I chose Cloud Composer (Airflow) as the data pipeline framework although I also considered using Vertex Pipelines (Kubeflow).
We already use Vertex Pipelines (Kubeflow) to train ML models in AnyMind. While Vertex Pipelines (Kubeflow) is a fully managed service and is easy to use without much knowledge on infrastructure, it’s still a new service. There are less commonly prepared components on Vertext Pipelines (Kubeflow) compared to Cloud Composer (Airflow) and we would need to develop them by ourselves to some extent.
We still don’t have enough knowledge or best practices on data / model creation. Because of this, it’s possible that our code base is too specific to one developer and becomes hard to generalize if the data creation is also done with Vertex Pipelines (Kubeflow). So, choosing Cloud Composer (Airflow) helps to avoid this. This is the first reason.
In ML development, data creation and model training workflows will never be in the same deployment unit. So, if these two are working on the same environment, it leads to a project’s code becoming too specific which then becomes hard to separate when there may be a need to do so. The second reason is to strictly separate them by using different pipeline services. This separation makes it easy to hand data pipelines over to other teams.
The advantage of needing lesser skillsets to use Vertex Pipelines (Kubeflow) comes from the fact that Data Scientists and Infrastructure Engineers usually don’t have common skillsets. However as an engineer developing data pipelines and hence having knowledge related to infrastructure, is also one of the reasons for choosing Cloud Composer (Airflow).

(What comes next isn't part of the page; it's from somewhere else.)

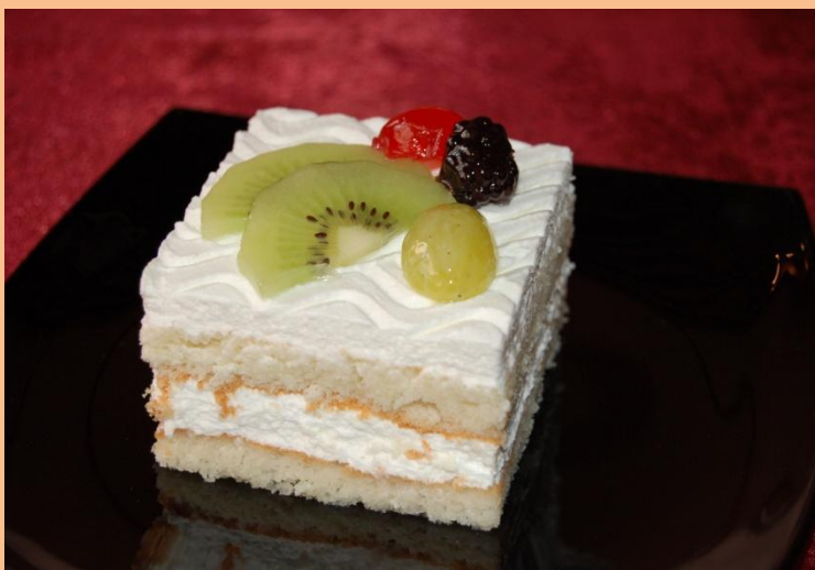
Пирожное «Ягодное шоу» Бисквит, свежие фрукты, ягоды, крем из взбитых сливок 100 гр.

Importing product application’s dataset
I’ll explain the details of the architecture on the above figure focusing on the data importation part.
Importing to BigQuery from Cloud SQL
Product application’s dataset is stored in Cloud SQL.
There are two ways to import data from Cloud SQL to BigQuery:
- A periodical bulk import of whole or a partial table snapshot
- Data streaming of transactions on a table (like using Cloud DataFlow and Cloud Pub/Sub)
As a daily update of the data is expected, the first option is chosen.
BigQuery’s date-sharded table is created using BigQuery’s federated queries like in the code sample below. Using a data-sharded table and not a data-partitioned table, makes it easier to transport to Cloud Storage.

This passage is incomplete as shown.